Großzügig bebildert, gut gestaltete, lesenswerte Texte

In der Aufmachung wechseln Pläne und Grafiken mit vielen groß aufgezogenen Luftbildern, aber auch lebensnahen Fotos, besonders frappierend im Vergleich vorher/nachher. Beim Lesen etwas hinderlich sind die vertikal gestellten Erläuterungen und die grafischen Spielchen mit den gedehnten Überschriften.

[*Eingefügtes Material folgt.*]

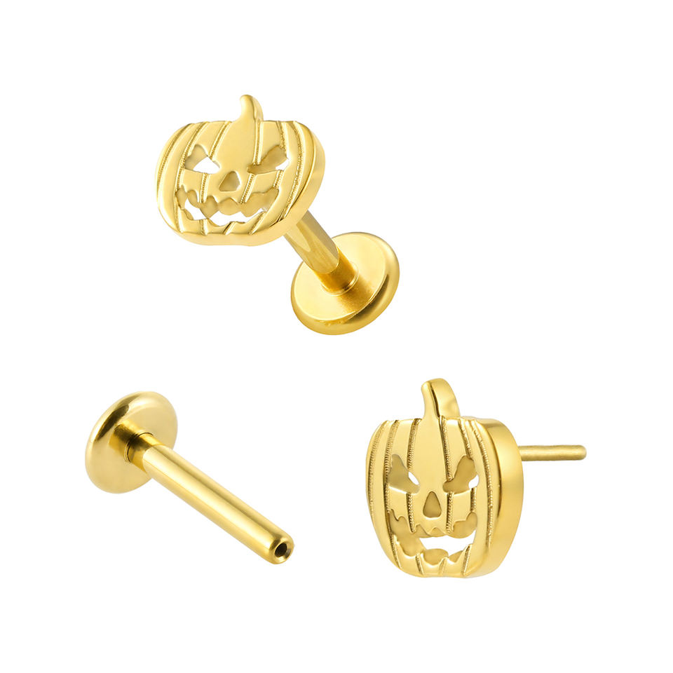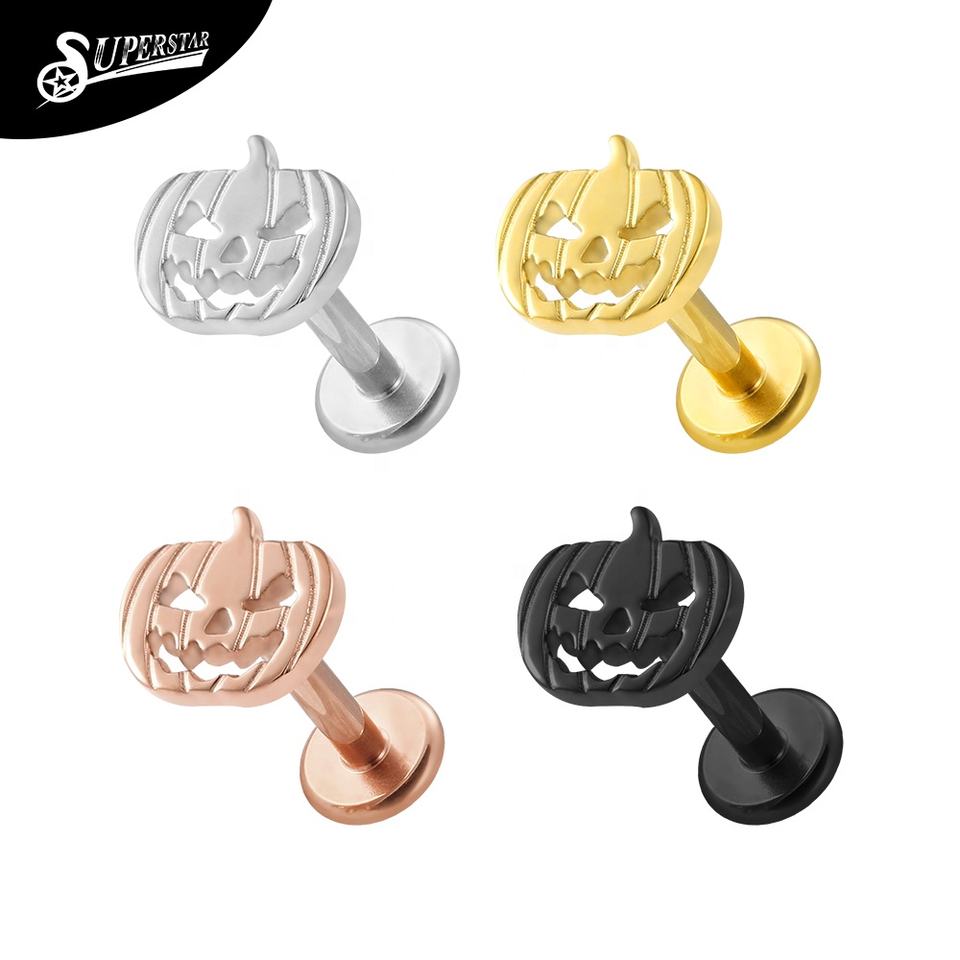 Piercing Labret de Titanio G23 Personalizado Superstar, Diseño de Calabaza con Expresión de Mueca, Piercing para Labio Frontal, Tendencia para Bodas, Piercing Corporal Moderno

Der viele aber immer wieder akzentuierte Text ist auch stilistisch meist gut lesbar, teils selbstkritisch und, da wenig fachchinesische Verlautbarung, auch für ein breiteres Fachpublikum verständlich. Empfehlenswert und eine gute Vorbereitung auf einen Besuch in der doch immer noch unübersichtlichen Region.


Buchcover Die neue EmscherIm Ruhrmuseum in der Zeche Zollverein in Essen ist noch bis zum 16. April 2023 die Fotoausstellung „Die Emscher. Bildgeschichte eines Flusses“ zu sehen.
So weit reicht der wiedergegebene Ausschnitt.